-- Data listing follows --

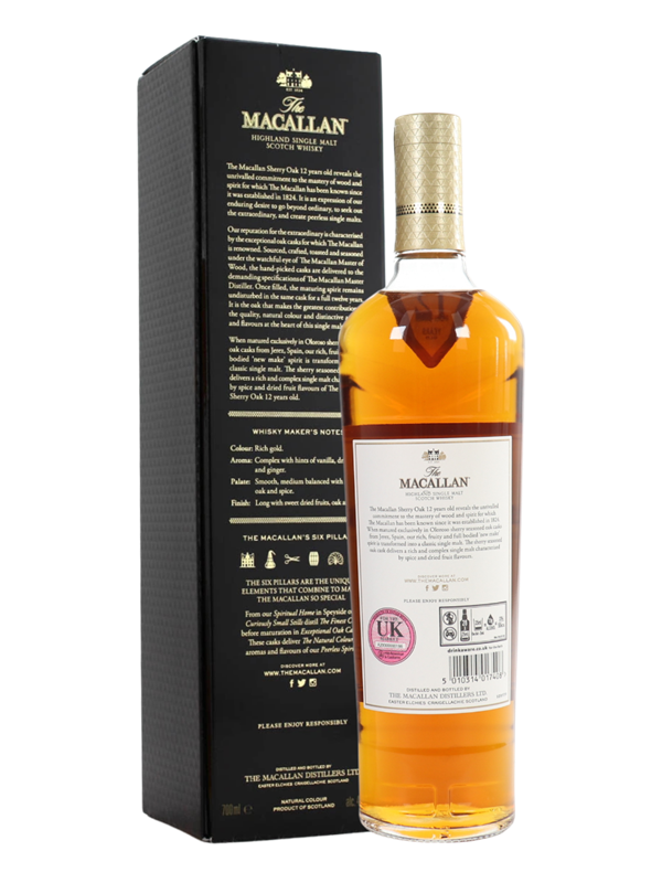 Macallan 12 Sherry Oak là một phần của dòng Sherry Oak Cask – nơi tinh hoa truyền thống được giữ vững. Không như các dòng Double Cask hay Triple Cask, Macallan 12 Sherry Oak chỉ được ủ duy nhất trong thùng gỗ sồi châu Âu từng chứa rượu sherry oloroso. Điều này tạo nên chiều sâu, cấu trúc và sự phong phú đặc trưng cho rượu. Đây là một tác phẩm nghệ thuật định cao về hương vị và chất lượng. Từ quá trình sản xuất kỳ càng đến hương vị phong phú, chai rượu này xứng đáng là một bảo vật trong bộ sưu tập.
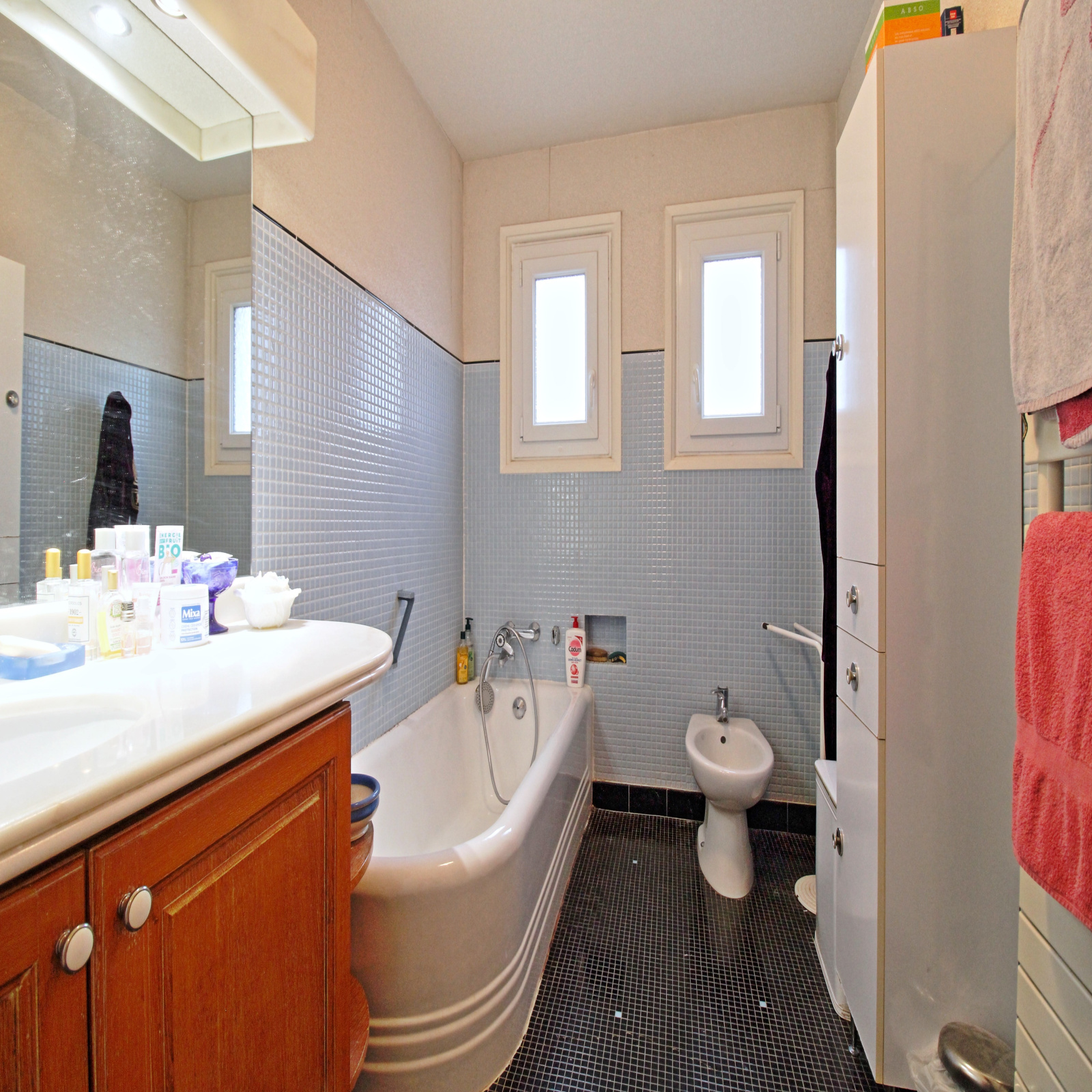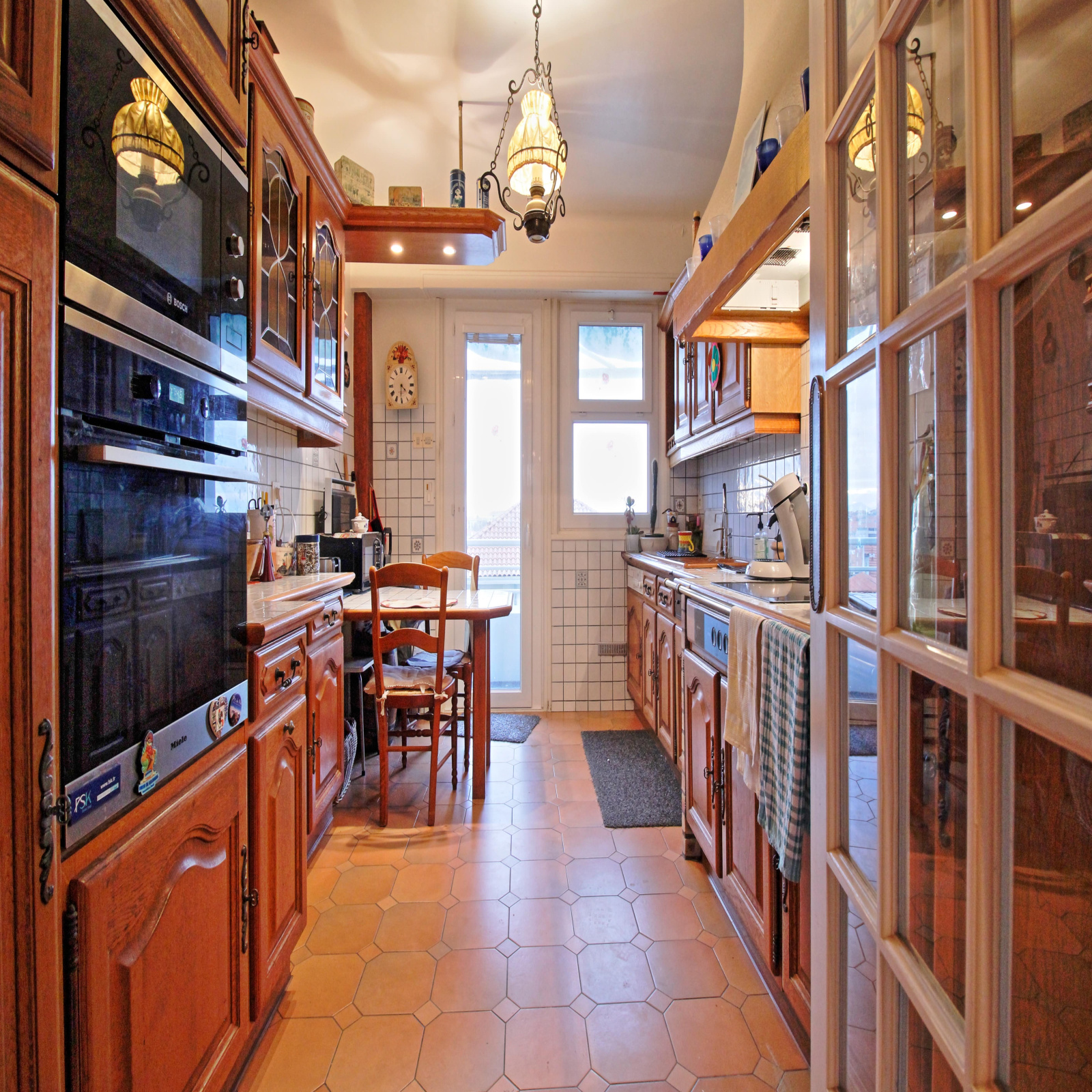 L’appartement est très lumineux et offre un bel agencement et de beaux volumes. Possibilité de créer une 3ème chambre aisément. Double vitrage partout, volets roulants électriques, chauffage individuel au gaz , une modernisation est à prévoir.
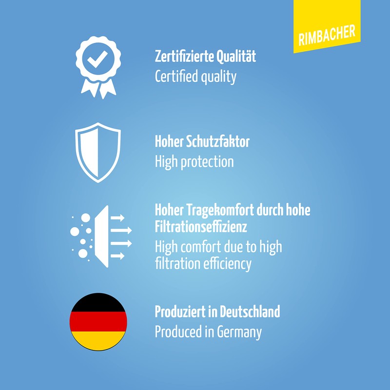 • RIMBACHER quality promise, made in Germany. Our respirator masks are manufactured in Germany to the highest quality standards and tested and certified by accredited testing laboratories.
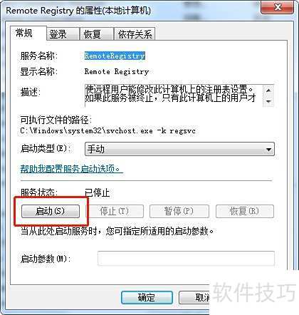 在Win7系统中,通过运行services.msc找到Remote Registry服务并启动即可。
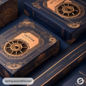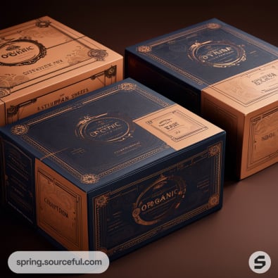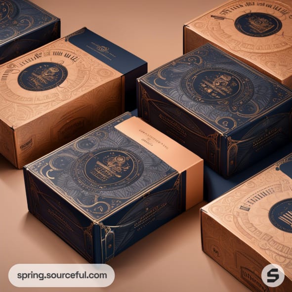 Elegant cardboard boxes with intricate gold and navy designs on a beige background.
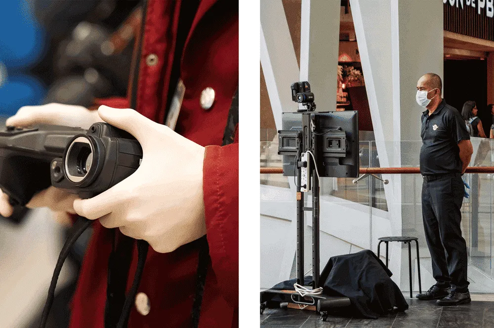 თერმული გამოსახულების კამერების გამოყენება ვირუსის გავრცელების დასაწყისშივე დაიწყეს. ამჟამად მათი გამოყენების შეწყვეტა არ იგეგმება. მაგალითად, ვაშინგტონის საერთაშორისო აეროპორტში მოწყობილობა უკონტაქტოდ გაზომავს მგზავრების სხეულის ტემპერატურას გამგზავრების ზონაში. თუ მონაცემები შეშფოთებას გამოიწვევს, მგზავრს შემოწმების ხელმეორედ გავლა მოუწევს, რის შემდეგაც მიიღება გადაწყვეტილება, შეუძლია თუ არა მას მგზავრობის გაგრძელება.
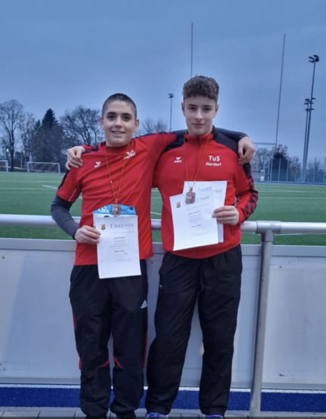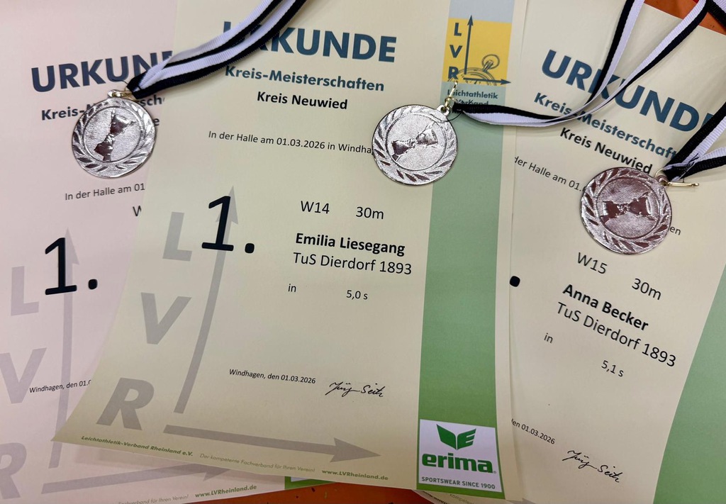 Am letzten Wochenende markierten bereits die Rheinland-Pfalz-Hallenmeisterschaften in Ludwigshafen den Auftakt in die neue Meisterschaftssaison. An diesem Wochenende ging es direkt weiter mit den Rheinland-Pfalz-Meisterschaften im Winterwurf in Alzey. Für den TuS Dierdorf waren die drei Wurftalente Runar Kneutgen, Matías Rudolph und Johanna Marker am Start. Dabei kehrten sie insgesamt mit drei Bronzemedaillen aus Alzey zurück. Runar Kneutgen belegte im Diskuswurf der M15 mit 34,29 m Rang 3. Mit dem Speer schrammte er auf Rang 4 und 30,31 m knapp am Podest vorbei. Matías Rudolph belegte im Diskuswurf der MU18 ebenfalls Platz 4 (27,92 m). Über seine Bronzemedaille durfte er sich im Speerwurf mit tollen 35,72 m freuen. Johanna Marker gelang in der U18 ebenfalls der Wurf mit dem Diskus auf Rang 3 (24,47 m). Mit dem Speer kam noch ein 4. Rang hinzu (23,66 m). Sie wagte sich zudem noch an eine dritte Wurfdisziplin und absolvierte ihren ersten Wettkampf im Hammerwurf. 17,38 m bedeuteten hier ebenfalls Rang 4. Herzlichen Glückwunsch an unsere drei Wurftalente. Die Ergebnisse gibt es hier nochmals zum Nachlesen.
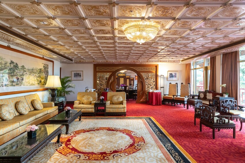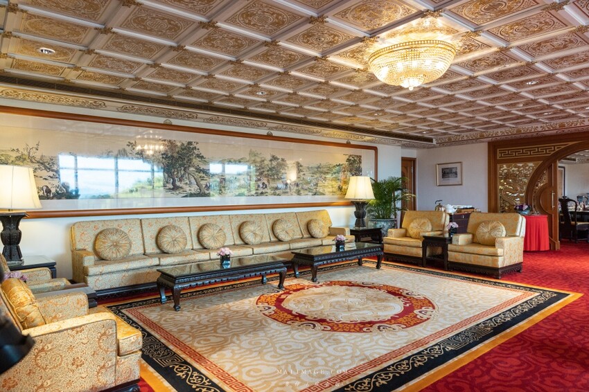 推開大門後映入眼簾的是金碧輝煌的客廳,麒麟廳之前是蔣中正總統所入住的套房,現在重新整理變成國宴宴客廳。在這拍照絕對氣勢滿點。

-- Data listing concluded --

Of the lines above, quote exactly those from the one with "accredited testing laboratories." through the one with "თერმული გამოსახულების კამერების", ends included; pictures stay out.

_Response area_
 • RIMBACHER quality promise, made in Germany. Our respirator masks are manufactured in Germany to the highest quality standards and tested and certified by accredited testing laboratories.
 在Win7系统中,通过运行services.msc找到Remote Registry服务并启动即可。
 Elegant cardboard boxes with intricate gold and navy designs on a beige background.
 თერმული გამოსახულების კამერების გამოყენება ვირუსის გავრცელების დასაწყისშივე დაიწყეს. ამჟამად მათი გამოყენების შეწყვეტა არ იგეგმება. მაგალითად, ვაშინგტონის საერთაშორისო აეროპორტში მოწყობილობა უკონტაქტოდ გაზომავს მგზავრების სხეულის ტემპერატურას გამგზავრების ზონაში. თუ მონაცემები შეშფოთებას გამოიწვევს, მგზავრს შემოწმების ხელმეორედ გავლა მოუწევს, რის შემდეგაც მიიღება გადაწყვეტილება, შეუძლია თუ არა მას მგზავრობის გაგრძელება.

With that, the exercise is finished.